Best Practices for Ranking Optimization
You can optimize the ranking of results returned by CES using a few CES features. Document authors and people responsible for archiving documents can also adjust their document management process to improve document ranking.
Ranking optimization using CES features
-
CES ranking parameters
CES allows you to fine-tune ranking parameters according to specific needs or requirements of your organization (see Customizing Search Results Ranking).
-
Multiple sources
In CES, you can set a ranking score to each source according to the general estimated relevance of the documents contained in the source. Rating a source above others will favor documents found in this source.
Example: The source for the content in a legacy content management system (CMS) might be set with a lower ranking score compared to a source for a similar content in the new CMS.
As much as possible, divide your content in multiple sources instead of in one large source. This way you can set the rating separately for each source and refine the ranking.
Example: When indexing a network file server containing folders for each department, rather than creating one source for the whole file server, create one source for each department folder.
-
Top results
Some frequent badly formulated queries may be bound to fail whatever ranking tuning process is applied. A CES mechanism named Top Results may help overcome this problem (seeAbout Top Results in .NET Search Interfaces and Adding Top Results to a CES Index). This feature allows to set a specific document or item to appear at the top or the results for one or a set of queries. The rest of the search results list is ranked normally.
-
Query Ranking Expressions
You can add query ranking expressions (QRE) to a search interface to adjust the search results ranking only for this interface (see What Are Query Ranking Expressions?).
Ranking optimization adjusting document management process
-
File and folder naming conventions
Some of the ranking parameters are related to the document path. This path is made of the concatenation of several folder names and one filename. Thus, to ensure ranking accuracy, choose suitable and meaningful names for folders and files. A simple and easy method to clarify names is to insert separating characters between words within file and folder names.
Example: The query super would not be matched against c:\Superaudio\docs but it would against c:\Super_audio\docs or c:\Super audio\docs.
Whenever possible, in the path or filename, use both the acronym and its corresponding meaning, such as c:\companies\Super car audio – SCA\docs. As a result, both the query Super car audio and SCA match this path. -
Organizational vocabulary and metadata
There are often equivalences among the terms used by people within an organization.

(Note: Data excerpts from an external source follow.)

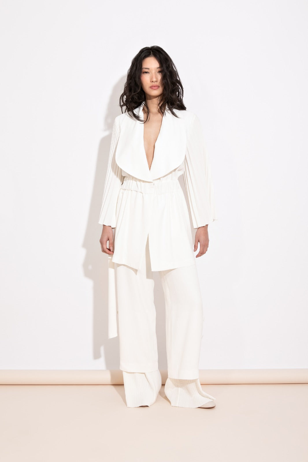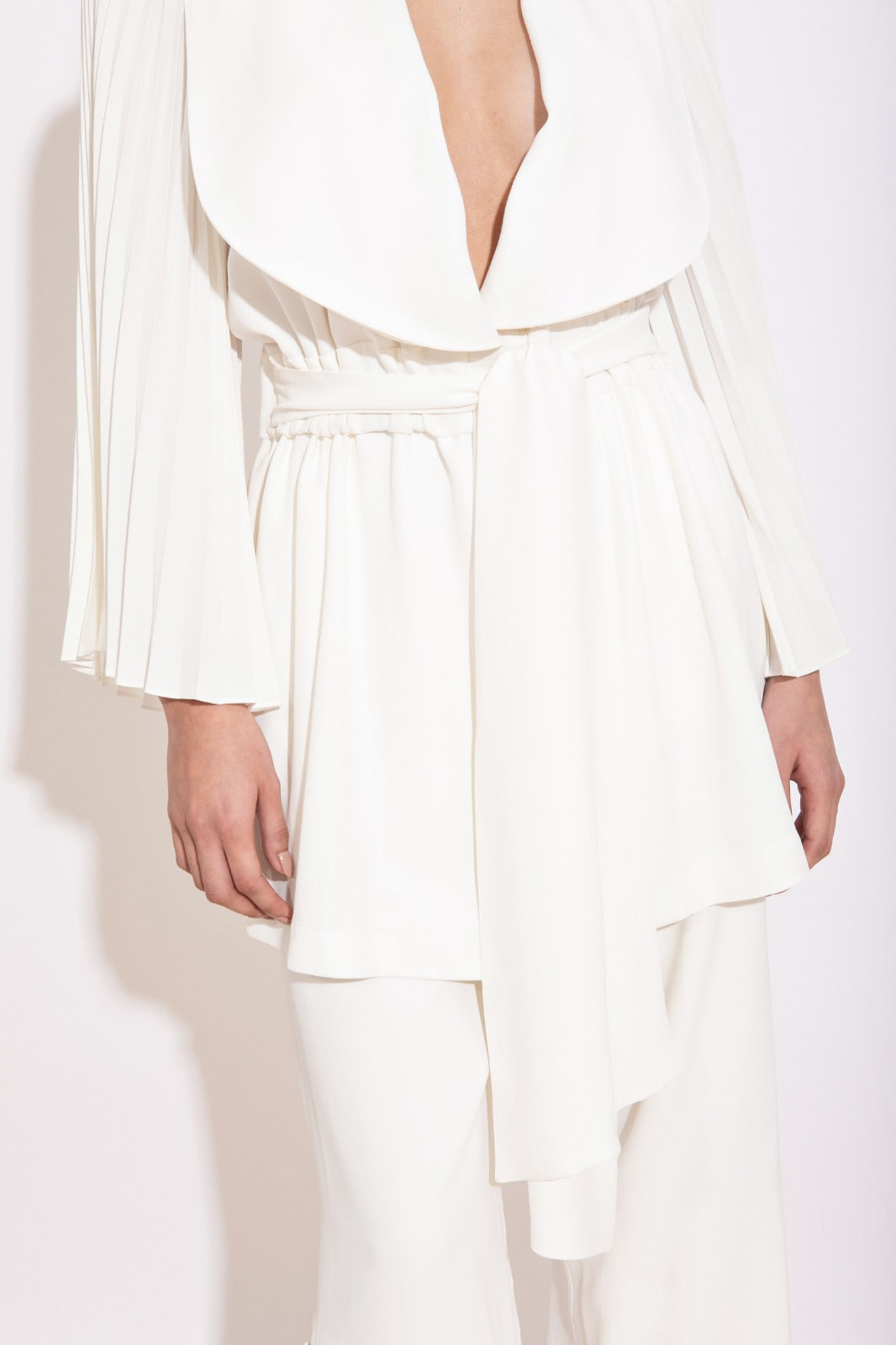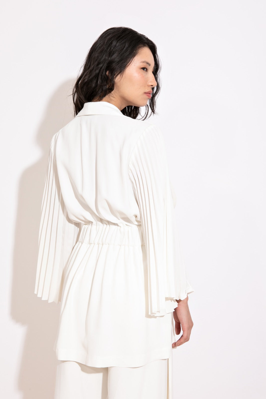 Parka com gola smoking, acinturada por faixa removível, e mangas em plissado soleil, um detalhe que traz movimento e sofisticação. Disponível nas cores preto e off white.
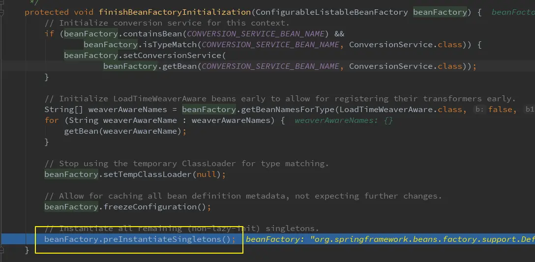 finishBeanFactoryInitialization(beanFactory)
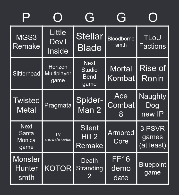 This bingo card has a free space and 24 words: TV shows/movies, KOTOR, Next Studio Bend game, Monster Hunter smth, TLoU Factions, MGS3 Remake, Slitterhead, Little Devil Inside, Ace Combat 8, Silent Hill 2 Remake, Mortal Kombat, Twisted Metal, Armored Core, 3 PSVR games (at least), Horizon Multiplayer game, FF16 demo date, Naughty Dog new IP, Stellar Blade, Rise of Ronin, Pragmata, Bluepoint game, Next Santa Monica game, Bloodborne smth and Death Stranding 2.
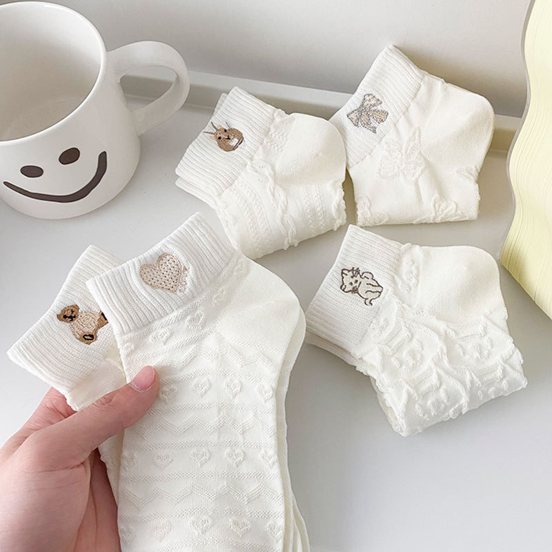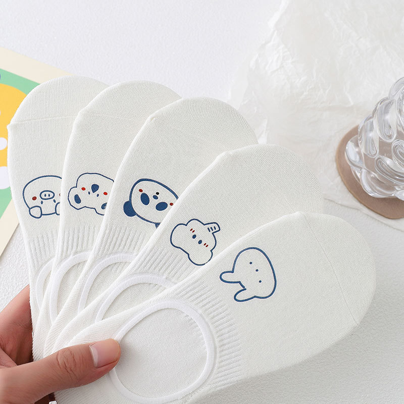 白い靴下の女性の夏の薄い綿の底の浅い口のステルスの女性の靴下の韓国のかわいいアニメの靴下はついて落ちません。
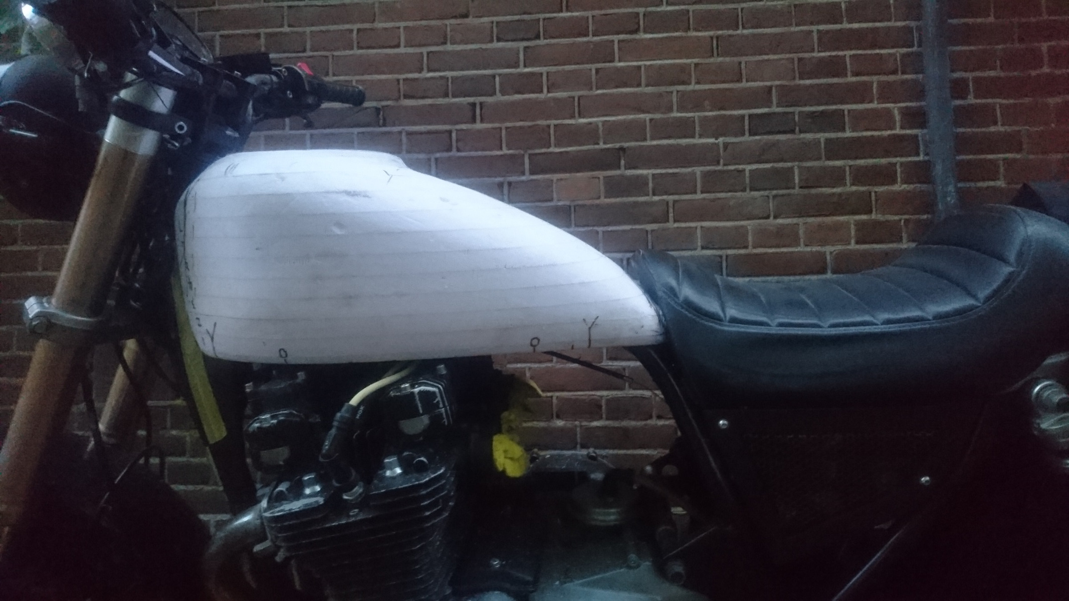The next stage will be to offer it up to the frame and see how it sits. Apart from having it sit down to the right level on the frame, I also have to think about the turn radius of the handlebars, making sure they don't hit the front of the tank on full lock. There's also the seat to think about.I don't want to have to mess around with that,so I need a reasonably good meeting point at the back of the tank.(Again without the sharpe edge of the flange).
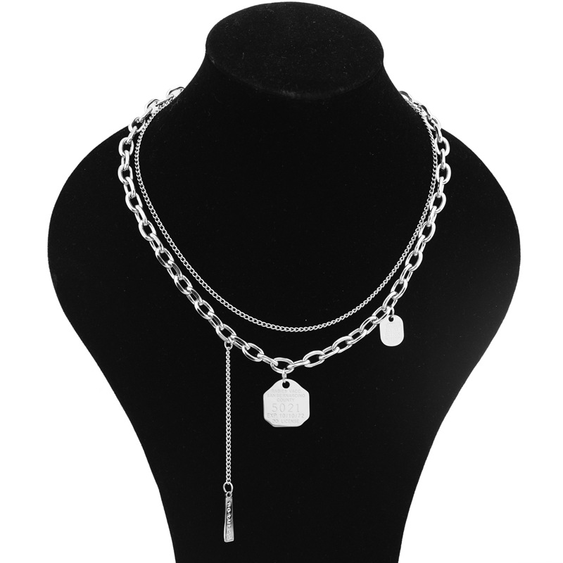 Hot Hot Letter Square Tassel Double Layer Necklace Stainless Steel Overlapping Two Layer Sexy Clavicle Chain

Example: The acronym SCA might be used instead of Super car audio. Nonetheless, the query SCA would not match any document that only contain Super car audio and never mention the acronym SCA.
To remedy this problem, metadata content can be created to be indexed when such interchangeabilities occur (see What Is Metadata/Meta-Information?). Many document formats (HTML, PDF, Word…) provide methods to include metadata. Refer to the documentation of the software used to create the various file formats to include appropriate metadata and set appropriate values.
Example: An HTML file that contains SCA in the body text can have a META KEYWORDS set to Super car audio.
-
Document titles
The users naturally search for a document expecting to find a specific document title. Authors of documents must choose short and accurate titles. CES uses the document title separately from the rest of the content in the ranking process. In the title score calculation, the proportion of the title that matches the query is taken into account.
Example: For the query Order Form, a document entitled Super Car Audio – SCA Car Audio – International Order Form Access Page would get less title points than a document entitled International Order Form, since a larger part of the title of the latter document matches the query.
Authors must also properly set the title in the properties of each file format. When no title metadata exists in a document, CES guesses that the first sentence is the title. With a proper title property, a query specifically searching for a given document title is almost guaranteed to return the right result in the first positions.
Example: In Microsoft Word, the title must be entered in the Title field in document properties.